In 2013, same-sex marriages were not allowed in Texas, but the city of Houston granted spousal employee benefits to employees who married same-sex partners in other states. Two taxpayers sued the city, claiming their tax dollars should not pay for same-sex spouses’ benefits. When the Obergefell ruling was announced, the appellate court held that it was bound by the decision and ruled for the city. However, the taxpayers have appealed to the Texas Supreme Court with the support of Texas’ governor and attorney general.
The argument the petitioners make is that the U.S. Supreme Court ruled that same-sex couples have the constitutional right to marry, but the U.S. Constitution does not require employers to offer benefits to same-sex spouses.
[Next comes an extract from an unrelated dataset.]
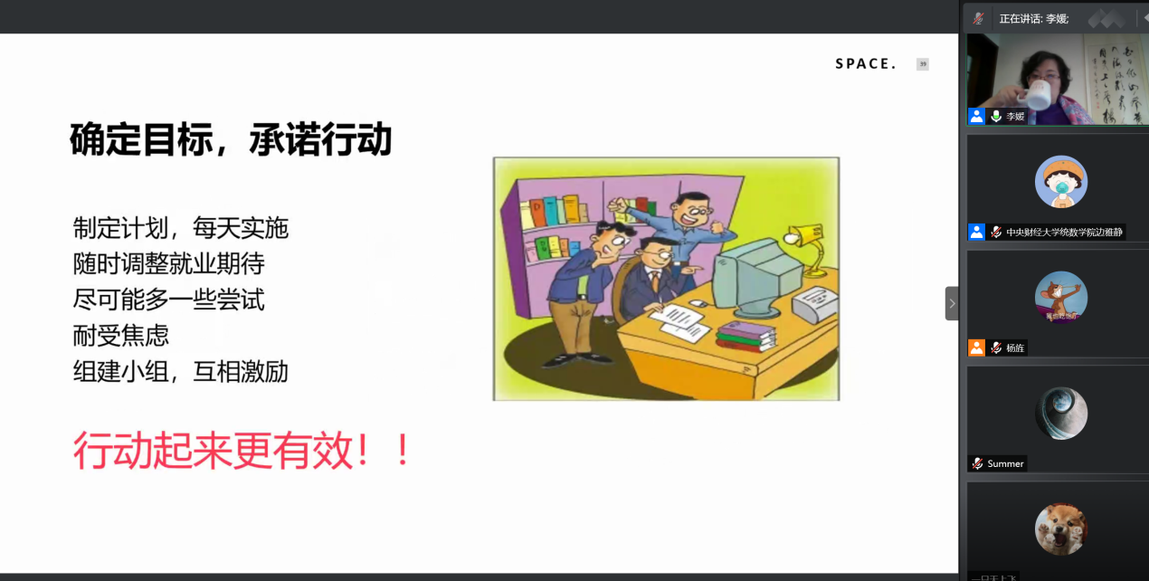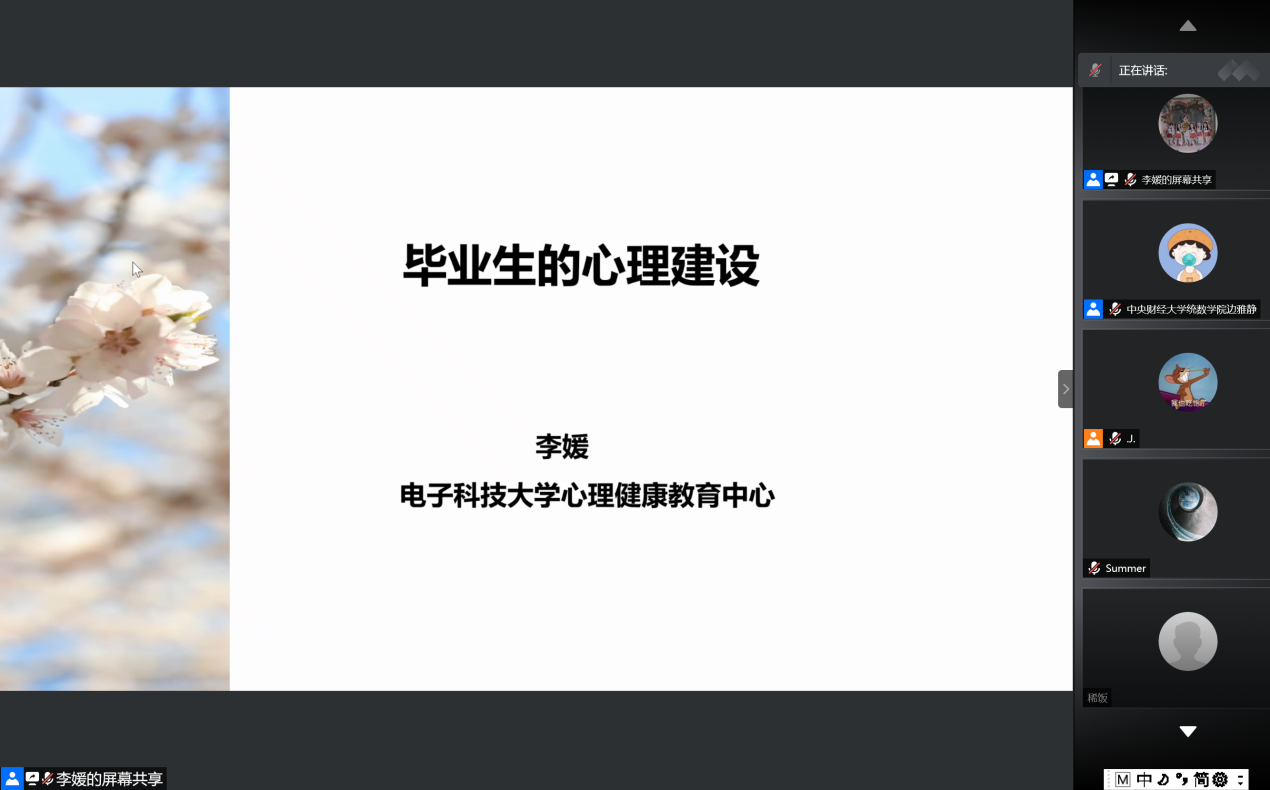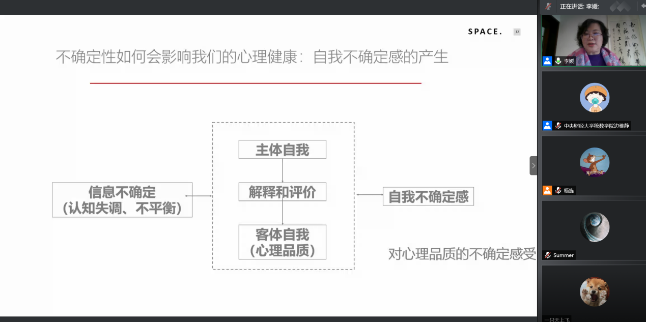 分享结束后,进入提问与交流环节,与会的同学们积极踊跃地提问,关于如何面对就业恐惧,对于多个选择难以抉择如何处理,多次面试失利产生挫败感该怎么调整,如何面对社会上的各种焦虑言论,考研失利后二战还是就业该如何抉择等等一系列问题,李媛教授均悉数细心回答,帮大家分析产生这些问题的根源所在并提出相关建议。随着问答环节结束和大家的感谢留言,本次专题讲座圆满结束。

They argue that marriage may have been declared a fundamental right, but spousal benefits were not.
If the petitioners are successful and the Texas Supreme Court rules that Obergefell is limited only to granting same-sex couples the right to marry, not to the practical benefits that traditionally come with marriage, then opponents of same-sex marriage across the country, including some employers, may look for ways to narrow the rights of same-sex spouses and to limit employee benefits to those spouses. Employers who previously did not provide benefits for same-sex spouses will wait to see whether they are eventually allowed to return to those policies.
The case is Pidgeon v Turner, Texas Supreme Court number 15-0688.